▶ **TASK DIRECTIONS**
Exactly as they appear below, repeat the lines from the one with "Proprio come una" through the one with "將去籽紅、綠辣椒及蒜頭切碎備用。 (愛吃辣者可不必去籽)", and no others.

(Excerpts from a dataset)
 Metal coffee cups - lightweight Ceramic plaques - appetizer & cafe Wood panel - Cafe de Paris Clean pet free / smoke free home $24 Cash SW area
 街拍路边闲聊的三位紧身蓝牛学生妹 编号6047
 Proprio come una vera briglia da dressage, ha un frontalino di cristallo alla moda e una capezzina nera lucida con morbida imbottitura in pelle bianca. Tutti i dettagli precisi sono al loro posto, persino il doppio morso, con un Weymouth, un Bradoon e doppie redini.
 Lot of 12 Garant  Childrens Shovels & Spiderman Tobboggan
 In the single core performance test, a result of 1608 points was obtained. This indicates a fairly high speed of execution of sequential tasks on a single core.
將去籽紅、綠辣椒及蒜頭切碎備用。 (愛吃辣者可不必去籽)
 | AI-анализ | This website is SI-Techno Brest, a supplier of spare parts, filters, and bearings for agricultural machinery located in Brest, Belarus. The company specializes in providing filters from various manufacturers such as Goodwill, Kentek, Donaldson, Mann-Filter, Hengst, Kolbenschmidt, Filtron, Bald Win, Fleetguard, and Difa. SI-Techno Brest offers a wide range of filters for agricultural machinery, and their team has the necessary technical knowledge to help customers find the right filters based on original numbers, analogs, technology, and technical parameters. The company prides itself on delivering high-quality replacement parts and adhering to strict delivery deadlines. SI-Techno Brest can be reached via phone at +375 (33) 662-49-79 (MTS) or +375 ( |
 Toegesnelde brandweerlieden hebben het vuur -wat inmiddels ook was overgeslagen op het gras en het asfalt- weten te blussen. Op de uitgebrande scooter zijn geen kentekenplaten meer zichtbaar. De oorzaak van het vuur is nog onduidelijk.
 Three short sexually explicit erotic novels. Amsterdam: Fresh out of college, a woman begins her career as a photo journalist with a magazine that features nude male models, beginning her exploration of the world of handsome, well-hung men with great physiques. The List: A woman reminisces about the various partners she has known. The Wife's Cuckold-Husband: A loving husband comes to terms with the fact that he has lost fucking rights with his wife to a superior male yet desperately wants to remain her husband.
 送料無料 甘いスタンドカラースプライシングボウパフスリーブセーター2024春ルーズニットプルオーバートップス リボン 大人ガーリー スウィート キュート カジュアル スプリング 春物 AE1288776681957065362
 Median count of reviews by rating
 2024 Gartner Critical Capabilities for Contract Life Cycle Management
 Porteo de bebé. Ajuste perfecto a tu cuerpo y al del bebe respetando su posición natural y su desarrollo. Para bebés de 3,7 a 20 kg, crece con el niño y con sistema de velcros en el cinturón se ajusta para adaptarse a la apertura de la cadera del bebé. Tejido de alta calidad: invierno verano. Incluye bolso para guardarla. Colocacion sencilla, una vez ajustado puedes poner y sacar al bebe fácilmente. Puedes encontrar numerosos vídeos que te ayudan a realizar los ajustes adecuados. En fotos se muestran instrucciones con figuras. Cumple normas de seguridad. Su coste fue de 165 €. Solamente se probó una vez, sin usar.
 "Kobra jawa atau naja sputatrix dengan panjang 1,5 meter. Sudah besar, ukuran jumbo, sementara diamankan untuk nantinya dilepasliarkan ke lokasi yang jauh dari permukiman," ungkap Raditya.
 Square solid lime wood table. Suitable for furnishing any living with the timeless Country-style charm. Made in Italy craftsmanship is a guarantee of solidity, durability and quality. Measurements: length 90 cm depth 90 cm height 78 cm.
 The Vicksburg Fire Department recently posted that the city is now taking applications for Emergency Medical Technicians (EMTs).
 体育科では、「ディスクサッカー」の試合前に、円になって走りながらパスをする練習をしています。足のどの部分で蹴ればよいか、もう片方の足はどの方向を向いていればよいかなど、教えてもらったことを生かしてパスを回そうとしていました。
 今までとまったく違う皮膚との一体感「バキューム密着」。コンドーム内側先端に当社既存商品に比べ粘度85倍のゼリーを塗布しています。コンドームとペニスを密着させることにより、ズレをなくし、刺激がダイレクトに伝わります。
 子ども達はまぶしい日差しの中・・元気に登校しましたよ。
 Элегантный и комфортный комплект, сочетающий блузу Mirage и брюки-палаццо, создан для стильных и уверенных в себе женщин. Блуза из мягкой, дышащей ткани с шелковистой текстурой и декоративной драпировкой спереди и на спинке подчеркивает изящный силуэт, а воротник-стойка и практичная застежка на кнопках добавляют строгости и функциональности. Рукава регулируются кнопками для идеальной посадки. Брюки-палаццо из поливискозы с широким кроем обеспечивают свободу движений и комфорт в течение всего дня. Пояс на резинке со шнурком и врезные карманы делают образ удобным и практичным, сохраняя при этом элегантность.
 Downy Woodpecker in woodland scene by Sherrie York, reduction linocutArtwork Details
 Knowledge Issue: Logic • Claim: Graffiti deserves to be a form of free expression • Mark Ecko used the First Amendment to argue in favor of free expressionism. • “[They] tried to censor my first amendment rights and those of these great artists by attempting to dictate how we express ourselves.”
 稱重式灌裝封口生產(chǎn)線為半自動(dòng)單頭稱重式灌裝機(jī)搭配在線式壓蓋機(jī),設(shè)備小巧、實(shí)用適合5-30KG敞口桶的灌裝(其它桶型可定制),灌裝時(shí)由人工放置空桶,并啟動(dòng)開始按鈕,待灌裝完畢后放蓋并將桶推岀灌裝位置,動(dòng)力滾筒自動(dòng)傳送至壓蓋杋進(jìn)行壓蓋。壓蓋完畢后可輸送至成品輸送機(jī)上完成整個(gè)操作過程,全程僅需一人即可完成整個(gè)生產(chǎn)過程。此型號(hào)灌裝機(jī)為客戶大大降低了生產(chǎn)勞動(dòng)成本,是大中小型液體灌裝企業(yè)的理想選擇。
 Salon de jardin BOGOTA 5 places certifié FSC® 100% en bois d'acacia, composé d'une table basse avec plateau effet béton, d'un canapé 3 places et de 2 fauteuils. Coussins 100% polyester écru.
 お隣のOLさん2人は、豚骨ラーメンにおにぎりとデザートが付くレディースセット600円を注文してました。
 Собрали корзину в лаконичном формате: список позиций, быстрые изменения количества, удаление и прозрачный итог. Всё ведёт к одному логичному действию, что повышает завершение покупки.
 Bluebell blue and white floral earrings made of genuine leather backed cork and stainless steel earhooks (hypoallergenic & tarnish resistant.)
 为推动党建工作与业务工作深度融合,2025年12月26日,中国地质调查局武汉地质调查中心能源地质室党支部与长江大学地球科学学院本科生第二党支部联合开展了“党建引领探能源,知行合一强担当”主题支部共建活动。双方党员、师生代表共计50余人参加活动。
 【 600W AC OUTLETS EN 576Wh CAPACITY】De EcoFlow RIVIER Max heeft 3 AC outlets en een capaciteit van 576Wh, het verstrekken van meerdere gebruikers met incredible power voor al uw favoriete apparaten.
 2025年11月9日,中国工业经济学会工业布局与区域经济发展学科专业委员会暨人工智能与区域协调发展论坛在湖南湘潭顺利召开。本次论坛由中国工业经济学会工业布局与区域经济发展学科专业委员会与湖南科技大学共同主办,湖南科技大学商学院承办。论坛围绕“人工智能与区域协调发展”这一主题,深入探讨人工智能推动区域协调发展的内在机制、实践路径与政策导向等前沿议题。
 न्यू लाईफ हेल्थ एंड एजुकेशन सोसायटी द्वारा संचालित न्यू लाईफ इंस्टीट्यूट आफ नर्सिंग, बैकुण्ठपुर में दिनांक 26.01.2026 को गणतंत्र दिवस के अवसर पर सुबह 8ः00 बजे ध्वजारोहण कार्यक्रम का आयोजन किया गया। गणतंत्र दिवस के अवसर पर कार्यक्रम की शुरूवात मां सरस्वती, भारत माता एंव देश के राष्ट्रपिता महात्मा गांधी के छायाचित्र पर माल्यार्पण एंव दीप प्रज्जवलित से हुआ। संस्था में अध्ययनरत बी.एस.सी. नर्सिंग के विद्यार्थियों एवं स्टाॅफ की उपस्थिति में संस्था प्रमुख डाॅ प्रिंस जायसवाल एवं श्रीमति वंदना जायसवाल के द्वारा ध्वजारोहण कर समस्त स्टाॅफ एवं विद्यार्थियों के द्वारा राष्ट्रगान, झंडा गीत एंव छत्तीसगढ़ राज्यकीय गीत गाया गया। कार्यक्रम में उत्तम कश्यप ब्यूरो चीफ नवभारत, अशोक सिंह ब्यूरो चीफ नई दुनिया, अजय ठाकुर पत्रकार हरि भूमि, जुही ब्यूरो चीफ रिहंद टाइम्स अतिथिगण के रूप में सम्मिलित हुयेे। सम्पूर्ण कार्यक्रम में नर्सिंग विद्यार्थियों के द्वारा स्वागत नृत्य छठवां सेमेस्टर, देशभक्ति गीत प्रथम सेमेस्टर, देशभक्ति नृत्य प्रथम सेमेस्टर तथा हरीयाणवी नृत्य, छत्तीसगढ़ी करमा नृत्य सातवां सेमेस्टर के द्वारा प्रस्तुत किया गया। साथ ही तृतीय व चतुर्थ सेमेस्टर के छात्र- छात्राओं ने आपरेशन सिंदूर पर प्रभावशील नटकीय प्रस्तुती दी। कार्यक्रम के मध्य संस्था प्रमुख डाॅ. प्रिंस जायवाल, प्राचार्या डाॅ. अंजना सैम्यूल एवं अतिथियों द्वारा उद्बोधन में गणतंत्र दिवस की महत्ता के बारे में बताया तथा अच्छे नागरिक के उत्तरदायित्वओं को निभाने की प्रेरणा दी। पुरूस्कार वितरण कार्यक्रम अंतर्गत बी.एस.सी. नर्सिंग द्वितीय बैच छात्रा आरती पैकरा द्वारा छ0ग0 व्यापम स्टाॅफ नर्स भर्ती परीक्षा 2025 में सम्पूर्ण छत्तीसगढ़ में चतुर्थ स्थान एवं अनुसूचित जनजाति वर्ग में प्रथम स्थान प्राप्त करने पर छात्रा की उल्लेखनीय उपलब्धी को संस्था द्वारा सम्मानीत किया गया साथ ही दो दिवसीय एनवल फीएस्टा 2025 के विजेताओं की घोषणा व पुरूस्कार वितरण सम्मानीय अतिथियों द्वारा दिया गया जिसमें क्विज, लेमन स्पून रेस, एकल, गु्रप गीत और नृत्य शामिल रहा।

▶ **ANSWER AREA**
 Proprio come una vera briglia da dressage, ha un frontalino di cristallo alla moda e una capezzina nera lucida con morbida imbottitura in pelle bianca. Tutti i dettagli precisi sono al loro posto, persino il doppio morso, con un Weymouth, un Bradoon e doppie redini.
 Lot of 12 Garant  Childrens Shovels & Spiderman Tobboggan
 In the single core performance test, a result of 1608 points was obtained. This indicates a fairly high speed of execution of sequential tasks on a single core.
將去籽紅、綠辣椒及蒜頭切碎備用。 (愛吃辣者可不必去籽)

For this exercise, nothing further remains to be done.